Davanti ad un quadro….

                                                      La colomba è simbolo di pace: la Genesi racconta come
                                                      Noè inviò proprio una colomba per conoscere in quali
                                                      condizioni fosse la terra dopo il diluvio universale e di
                                                      come questa tornò con un ramoscello d’ulivo nel becco,
                                                      annunciando il ritirarsi delle acque che avevano
                                                      sommerso la terra. Si poteva lasciare l’arca e tornare a
                                                      vivere sulla terraferma, poiché gli alberi non erano più
                                                      ricoperti dall’acqua.
                                                      Il simbolo della colomba col ramoscello di ulivo è stato
                                                      usato come segno di pace anche dai primi cristiani e in
                                                      seguito adottato come simbolo laico. È stato reso
                                                      popolare dall’artista Pablo Picasso, che ha disegnato
questo soggetto più volte nella sua vita. In quest’opera, dal titolo La colomba blu, Picasso traccia la sagoma di
una colomba, come quelle che dipingeva nella sua infanzia. La colomba porta nel becco un rametto verde di
ulivo, come ricorda l’episodio biblico della Genesi. Realizzato nel 1961 per il Manifesto del Congresso
Nazionale del Movimento per la Pace, tenuto l’anno dopo in Francia a Issy-Les-Moulineaux, questo disegno
venne a rappresentare in poco tempo l’emblema pacifico universale.
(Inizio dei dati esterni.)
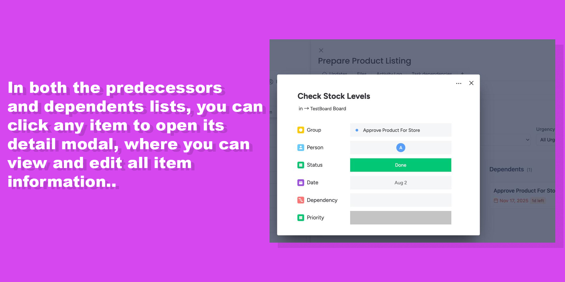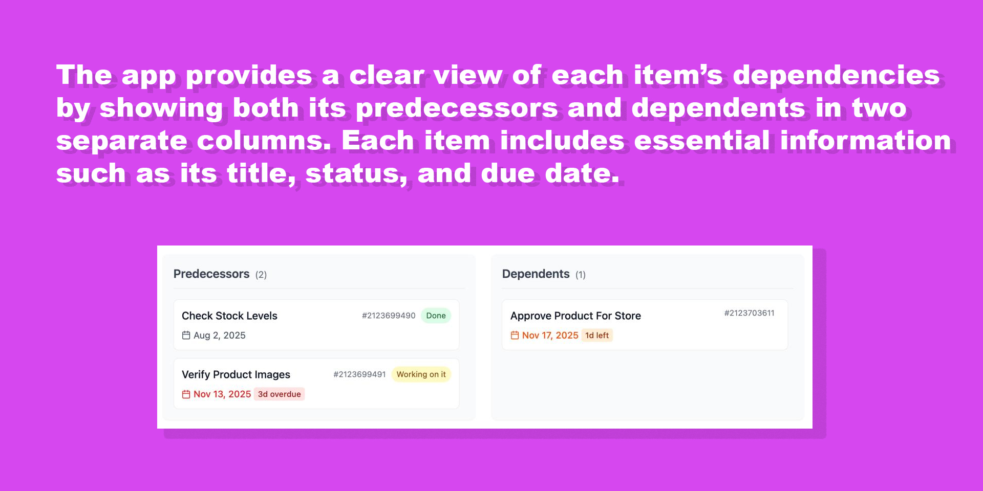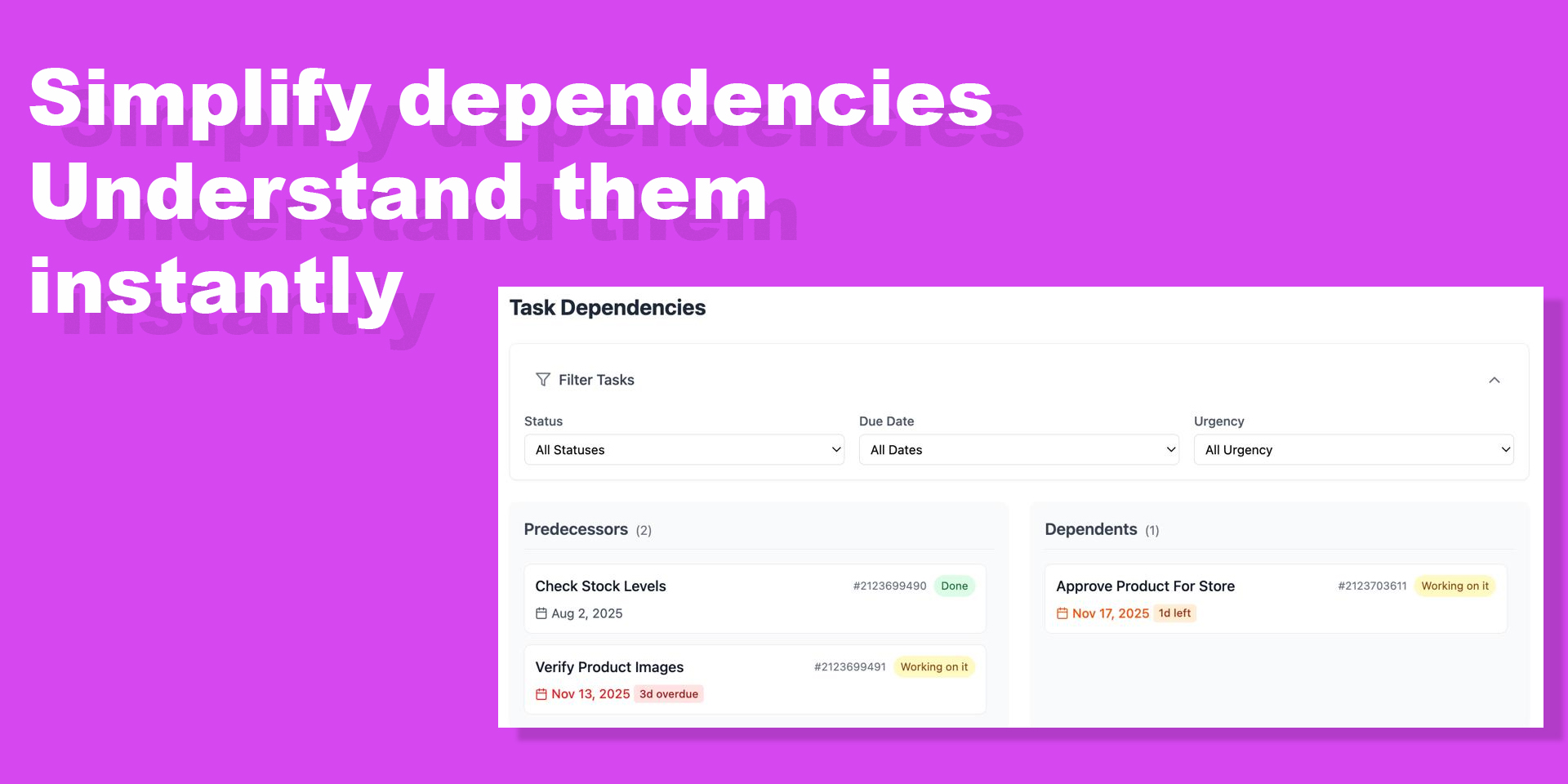 "description": "<p><strong>Two-Way Dependencies</strong> gives you a complete, instant overview of how your work connects inside <a href=\"http://monday.com/\" rel=\"noopener noreferrer\" target=\"_blank\">monday.com</a>. Within any item, it clearly displays both what your current task depends on (<strong>predecessors</strong>) and what depends on it (<strong>dependents</strong>) — helping you spot blockers, prerequisites, and critical paths in seconds.<strong>Key benefits:</strong></p><ul><li><strong>Instantly visualize</strong> upstream (predecessors) and downstream (dependents) dependencies</li><li><strong>Filter tasks</strong> by status, due date, or urgency to focus on what matters</li><li><strong>Prevent delays</strong> by identifying which tasks are blocked or blocking others</li><li><strong>See complete task details</strong> (name, status, due date) without leaving the item page</li><li><strong>Keep teams aligned</strong> with a clean, side-by-side view directly in your workflow</li></ul><p><strong>Use cases</strong>:</p><ul><li><strong>Project managers</strong> tracking interrelated tasks and identifying bottlenecks before they cause delays</li><li><strong>Product owners</strong> ensuring all prerequisites are completed before launching features</li><li><strong>Developers</strong> reviewing what needs to be done before they can start coding</li><li><strong>Team leads</strong> monitoring which team members are blocked and need support</li></ul><p>Designed to be <em>fast</em>, lightweight, and intuitive — no complex Gantt charts or board switching required. Everything you need is right where you're already working.</p><p><br></p><p>📖 <a href=\"https://dalshenekuda.github.io/task-manager-privacy/how-to-use.html\" rel=\"noopener noreferrer\" target=\"_blank\"><strong>How to Use Guide</strong></a> | 💰 <a href=\"https://dalshenekuda.github.io/task-manager-privacy/pricing.html\" rel=\"noopener noreferrer\" target=\"_blank\"><strong>View Pricing</strong></a> | 🔒 <a href=\"https://dalshenekuda.github.io/task-manager-privacy/privacy.html\" rel=\"noopener noreferrer\" target=\"_blank\"><strong>Privacy Policy</strong></a></p>",

Picasso con pochi tratti realizza un’opera che nella sua semplicità trasmette leggerezza, speranza e fiducia nel
futuro. Anche oggi abbiamo molto bisogno di leggerezza e di pace: in questo tempo difficile da decifrare e
soprattutto da vivere a causa della pandemia, tutti noi desideriamo la vera pace. Il vangelo ci presenta Gesù
che, in occasione della Festa delle Capanne, entra a Gerusalemme come il principe della pace. Lui entra a
Gerusalemme su un puledro d’asino: Gesù non viene su un cavallo poderoso, simbolo del potere; non viene
nemmeno su un carro da guerra, simbolo della forza di chi vuole conquistare il trono. Gesù entra cavalcando
un asino, simbolo di umiltà e servizio, di mitezza e mansuetudine.
Marco annota che si tratta di un puledro su cui nessuno si era mai seduto. Nessuno desidera salire su questo
puledro. Nessuno desidera servire e dare la propria vita per gli altri. Tutti al puledro preferiamo il cavallo e il
carro da guerra. Gesù invece va a sedere all'ultimo posto e si rivela come Messia che non viene per essere
servito ma per servire. In questi giorni difficili, guardiamo a Gesù e facciamoci portatori della sua pace,
annunciamo a tutti che insieme usciremo anche dal diluvio di questa pandemia, proprio come la colomba
dipinta da Picasso, che “sarà anche mite, ma di certo è uccello temerario, che sfida l’ignoto” (Ernst Hans Josef
Gombrich in Psicoanalisi e Storia dell’Arte, 1954).